Eco-development projects are aimed at bringing together the three stakeholders, namely, the forest department, the local communities, and the ecotourism initiative. The Tourism Department and local tour operators are interested parties whose cooperation can help such projects take off more smoothly.

The proposed State Policy on Ecotourism provides the background policy framework for working out components of such projects.

The nature of public investments in ecotourism projects can be identified to fall under the following four broad categories:

1. Development of facilities for tourists inside and around the valley.
2. Building capacity of local communities for meaningful participation in the activities of ecotourism as providers and managers of services.
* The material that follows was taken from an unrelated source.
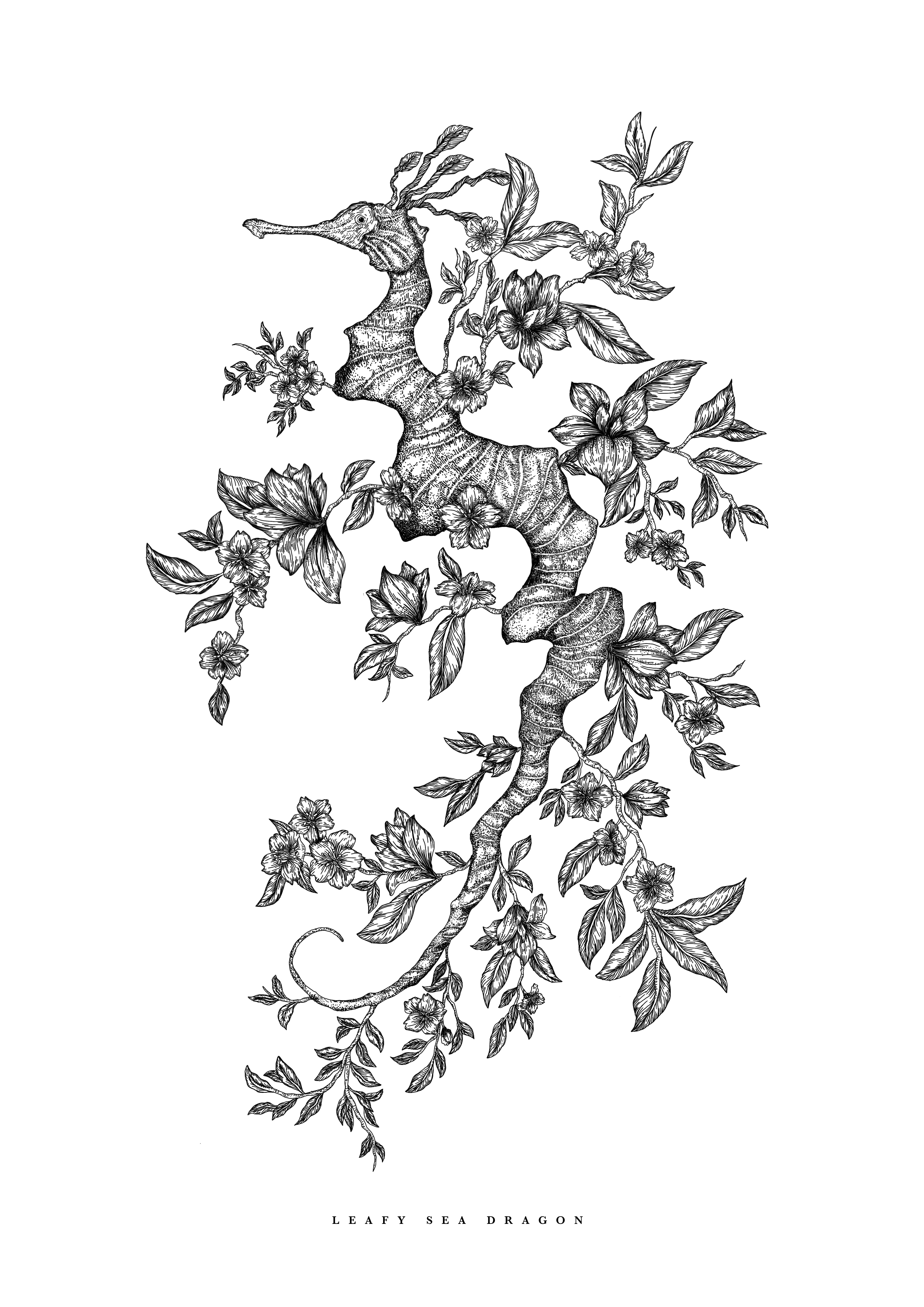 この作品はリーフィーシードラゴンという種類のタツノオトシゴをモチーフに、体の周りに桜と木蓮をあしらって描きました

Community capacity building is also required for enabling local communities as stakeholders interested in ensuring long term conservation of the nature and natural resources so as to ensure sustainable livelihood opportunities for them.
3. Development of publicity material and marketing of the products and services to the larger tourist clientele.
4. Building partnerships, with the forest department as facilitator of ecotourism activities, with the Department of Tourism, the private tour operators, NGOs, and the local institutions such as panchayats, etc.